Nach dem zweiten Tanz blieb Lotte ganz weg. Maria kam sich mal wieder verlassen vor. Erst jetzt kam ihr der Gedanke, für Lotte nur das Alibi gewesen zu sein, um sich mit diesem Kerl zu treffen. Weiß der Geier, woher sie ihn wirklich kannte und wo die beiden jetzt waren.
Es ging ihr besser, wenn sie sie sich nicht dauernd umschaute, ob Lotte zurückkam, also bestellte sie sich einen winzigen Likör, nippte aber nur daran, weil sie sich einen zweiten nicht mehr leisten wollte.

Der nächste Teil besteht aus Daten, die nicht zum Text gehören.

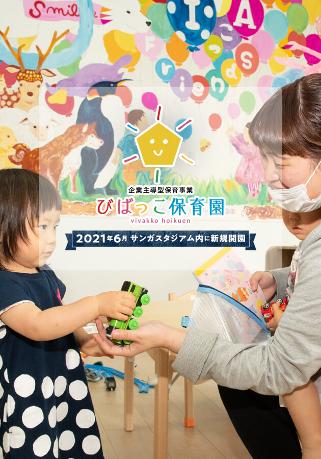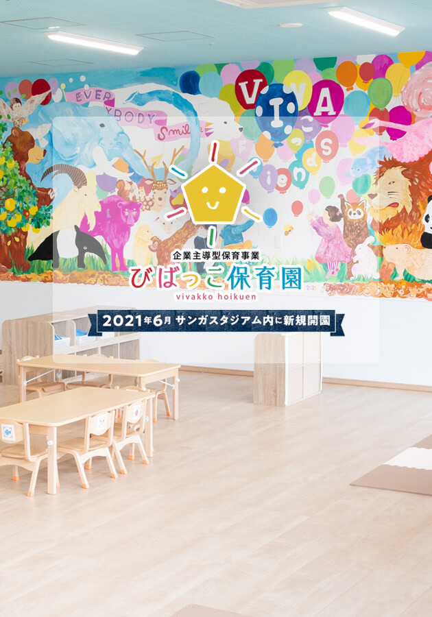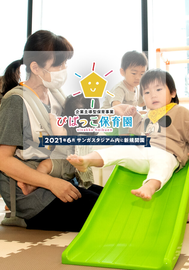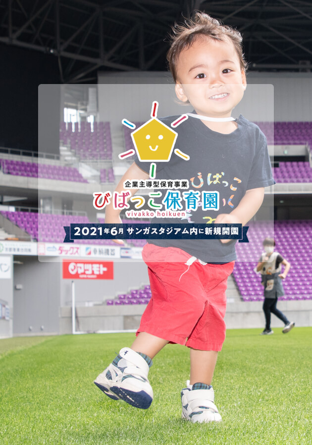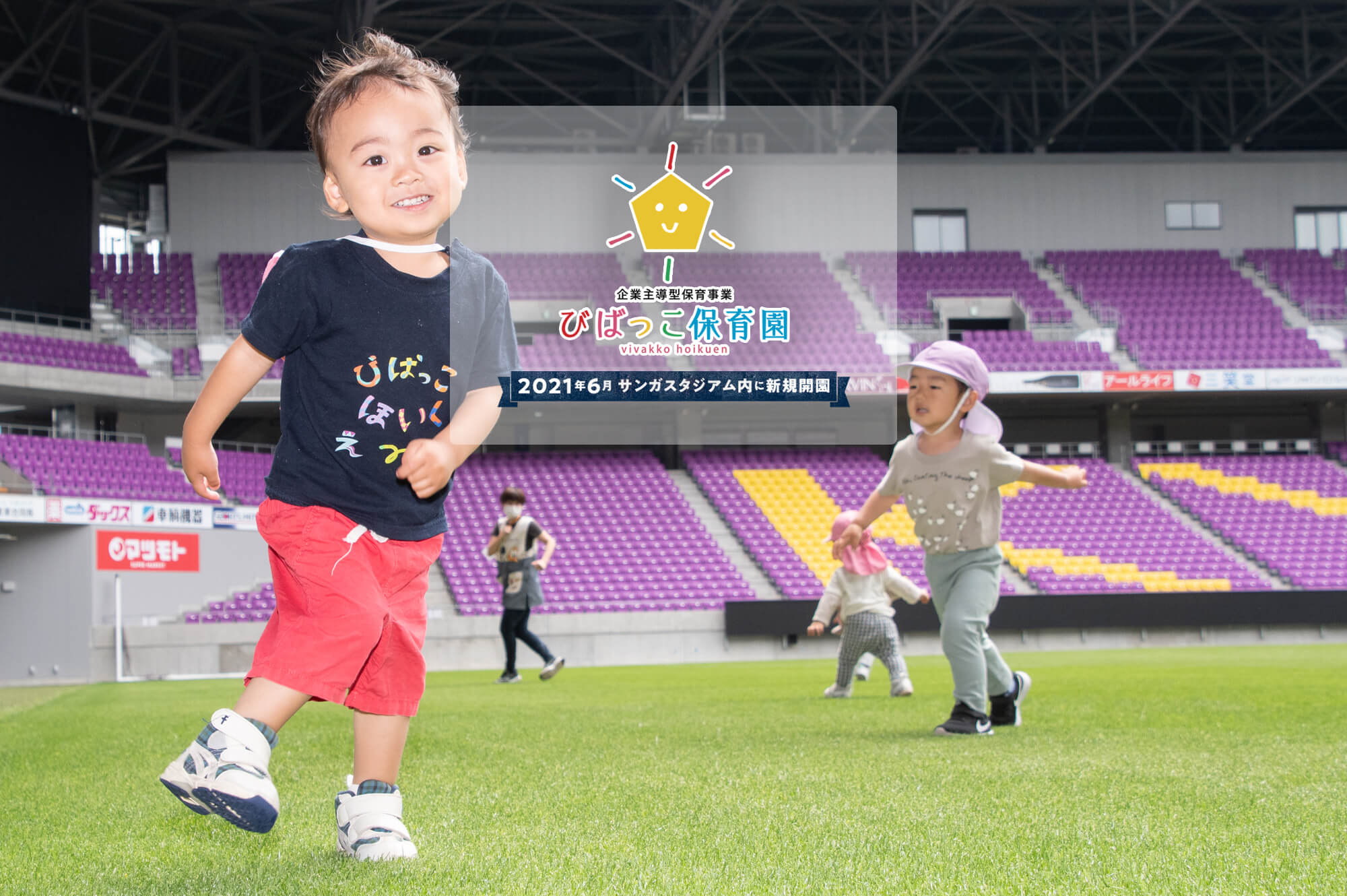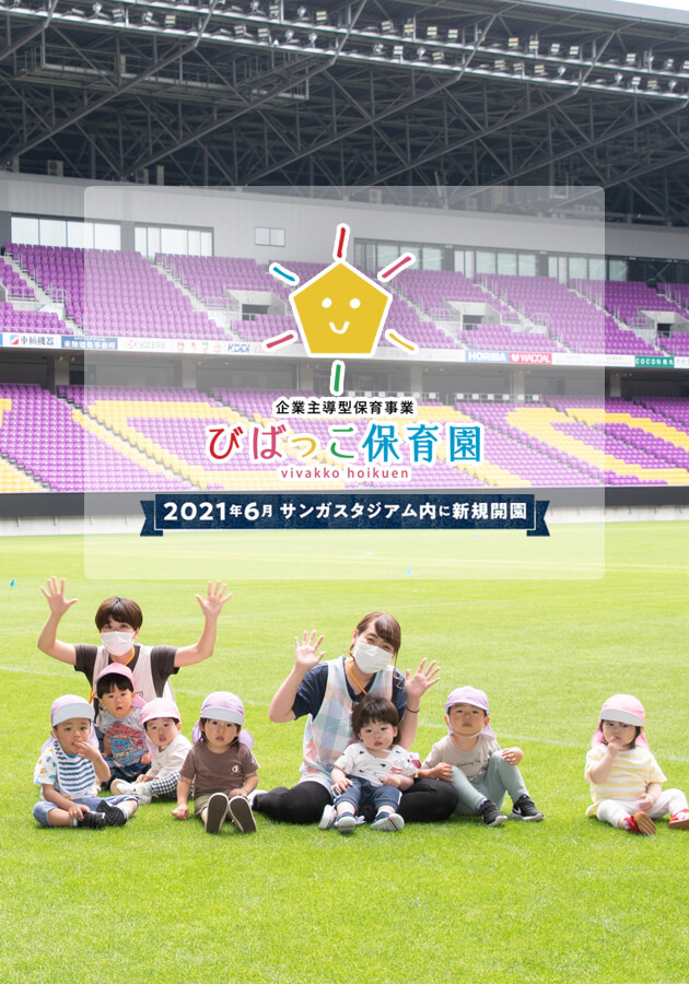 サンガスタジアムby KYOCERA内に2021年6月1日新規開園オープンした企業主導型保育園です。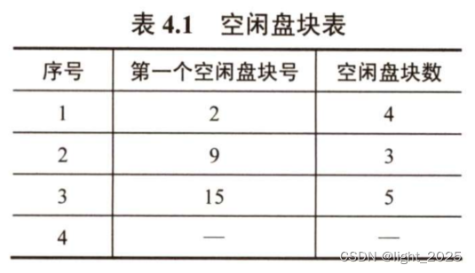 每个空闲区对应于一个空闲表项,其中包括表项序号、该空闲区的第一个盘块号、该区的空闲盘块数等信息。再将所有空闲区按其起始盘块号递增的次序排列;
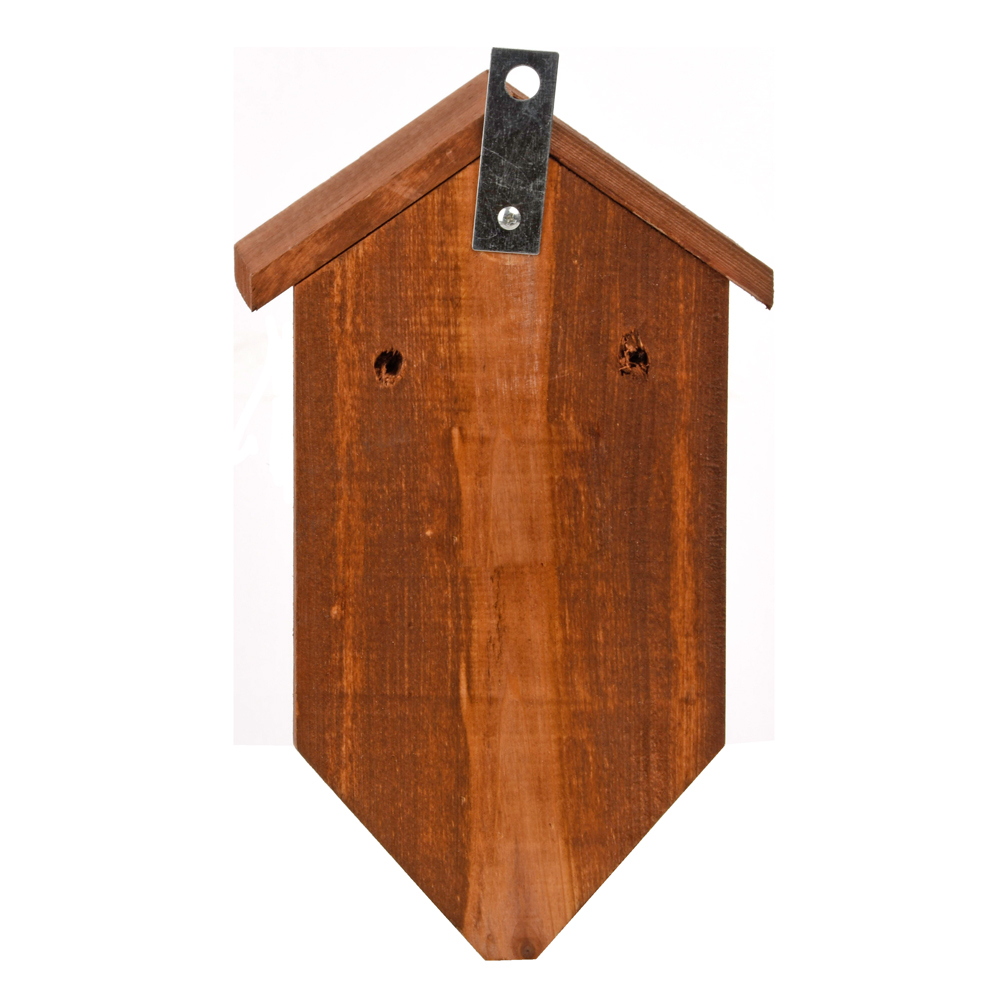 Viele Vögel wählen lieber ein Haus, das an einem geschützten Ort hängt. Denken Sie zum Beispiel an dichte Vegetation oder Efeu. Seien Sie auch vorsichtig bei Regen und voller Sonne. Achten Sie auch darauf, dass die Flugbahn des Hauses frei bleibt. An der Rückseite des Hauses befindet sich eine Metallplatte. Dieses Bild hat eine Aufhängeöse, die das Aufhängen des Hauses erleichtert. Es ist wichtig, ein Nistkasten jährlich zu reinigen. Dieser Nestbeutel hat jedoch keinen Deckel, um den Beutel selbst zu reinigen. Sie können es reinigen, indem Sie das gesamte Haus in Seifenwasser legen und es dann trocknen lassen. Die beste Zeit dafür ist im Herbst.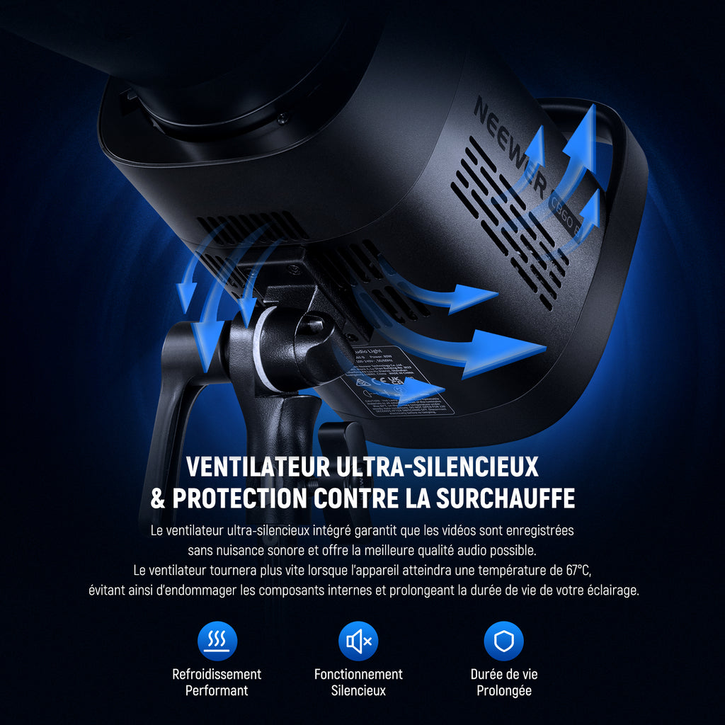 - Ventilateur Ultra Silencieux et Protection contre la Surchauffe- Le ventilateur ultra silencieux intégré garantit que les vidéos sont tournées sans trop de distractions sonores et donne la meilleure qualité audio plus possible. De plus, le ventilateur de refroidissement intégré fonctionnera plus rapidement une fois que la lumière atteint une température de 152°F/67°C, en cas de dommages aux composants internes, prolongeant la durée de vie de la lumière.

Das Zeug brannte in ihrer Kehle und es war ihr, als müsste sie sofort eine Zigarette haben, aber allein ohne Lotte zu rauchen, traute sie sich nicht.
Sie verfolgte die Bewegungen des Musikers mit dem blechernen Instrument und hoffte, er würde es nie wieder weglegen. Und dann hoffte sie ebenso sehr, der Kerl, der sie zu den ersten Tänzen aufgefordert hatte, käme nicht noch einmal. Alles Hoffen schien umsonst, als sie hinter sich eine Stimme vernahm, die etwas sagte wie: Wie wär's mit uns beiden? Mit ihr hatte diese Stimme nichts zu tun, redete sie sich ein. Wenn sie einfach nicht reagierte, würde er sich um eine andere Frau bemühen, Frauen gab es ja mehr als Männer.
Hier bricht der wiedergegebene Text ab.